Files
repomix-mirror/tests/core/security/validateFileSafety.test.ts
Claude fb4c895085 perf(core): Pre-warm security worker pool to overlap @secretlint/core load
The security worker pool currently spawns its 2 workers lazily inside
`runSecurityCheck`, paying a ~50 ms `@secretlint/core` +
`@secretlint/secretlint-rule-preset-recommend` module load on each
freshly spawned worker (~100 ms wall-clock for both workers loading
concurrently). That cold-start cost runs on the critical path inside
the security-check phase, before any scanning begins.

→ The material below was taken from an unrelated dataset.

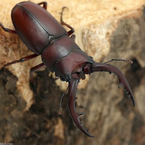 | どんな種類? | 日本で最も普通に見られるノコギリクワガタです。比較的低標高に生息し、夏にカブトムシ、コクワガタなどと共に雑木林でよく見られます。大型個体では70mm近くなり、大きく湾曲した大アゴが特徴的です。この大アゴは変異が大きく、長歯、中歯、小歯の3タイプが見られ、中歯、小歯ではより“ノコギリ”に近い形状となります。体色は赤~黒まで見られます。平地で見られる大型の種として非常に馴染み深い種で、飼育も容易です。 平地から低山地に見られ、成虫は雑木林や河川敷のコナラやクヌギの樹液に集まり、街灯などに飛来することもあります。基本的には夜行性ですが、昼間に活動していることも多いです。また比較的樹上を好み、木を蹴って揺らすことで採集できます。幼虫は根食いで地面に埋まった朽木など、水分を含んだ材から見られます。 本種は離島に亜種が3種知られています。奄美諸島や沖縄に見られるリュウキュウノコギリクワガタとは良く似ていますが、頭盾、大アゴの形状等から別種とされています。 飼育、繁殖は容易で活発に動き回ります。ブリードも非常に容易で、産卵に適したマットであれば容易に産卵します。 |

Mirror the existing `createMetricsTaskRunner` pattern: hoist the pool
construction to `pack()` and dispatch one no-op task per worker at the
pipeline entry, so the module load overlaps with the collectFiles + git
ops phase (~200 ms) instead of stalling the security check.

## Mechanism

- New `createSecurityTaskRunner(numOfTasks, deps?)` in
  `src/core/security/securityCheck.ts` returns
  `{ taskRunner, warmupPromise }`. The warm-up dispatches `maxThreads`
  no-op tasks (`{ items: [] }`) — Tinypool spawns a fresh worker for
  each concurrent task, fanning out the @secretlint/core load across
  all workers in parallel.
- `runSecurityCheck` accepts an optional `taskRunner` in `deps`. When
  provided, the caller owns the pool's lifecycle (creation + cleanup);
  when omitted, runSecurityCheck creates and cleans up a fresh pool —
  preserving the existing behavior for direct callers (e.g. the MCP
  fileSystemReadFileTool path).
- `validateFileSafety` accepts and forwards an optional `taskRunner`.
- `pack()` calls `createSecurityTaskRunner` after `searchFiles` resolves
  (file count is now known) and before the parallel collectFiles + git
  ops block, so the warm-up runs concurrently with disk I/O. The
  task runner is plumbed through `validateFileSafety` deps; the pool
  is cleaned up alongside the metrics pool in the surrounding
  try/finally.

## Scope gate

Pre-warming is gated on the same `hasExplicitScope` heuristic that
already differentiates 2- vs. 3-worker metrics warm-up:

| Workload                                         | Pre-warm? |
|--------------------------------------------------|-----------|
| Default scan (no `--include` / `--stdin`)        | yes       |
| `--include`, `config.include`, or `--stdin` set  | no        |

Without the gate, the small/scoped workload regresses by 3.4 % paired
mean: the security check scans only ~5 batches and finishes in ~50–80
ms, so the up-front cost of constructing + destroying a second worker
pool outweighs the saved cold-start. The unconstrained scan runs
security over ~1000+ files where the hidden cold-start dominates.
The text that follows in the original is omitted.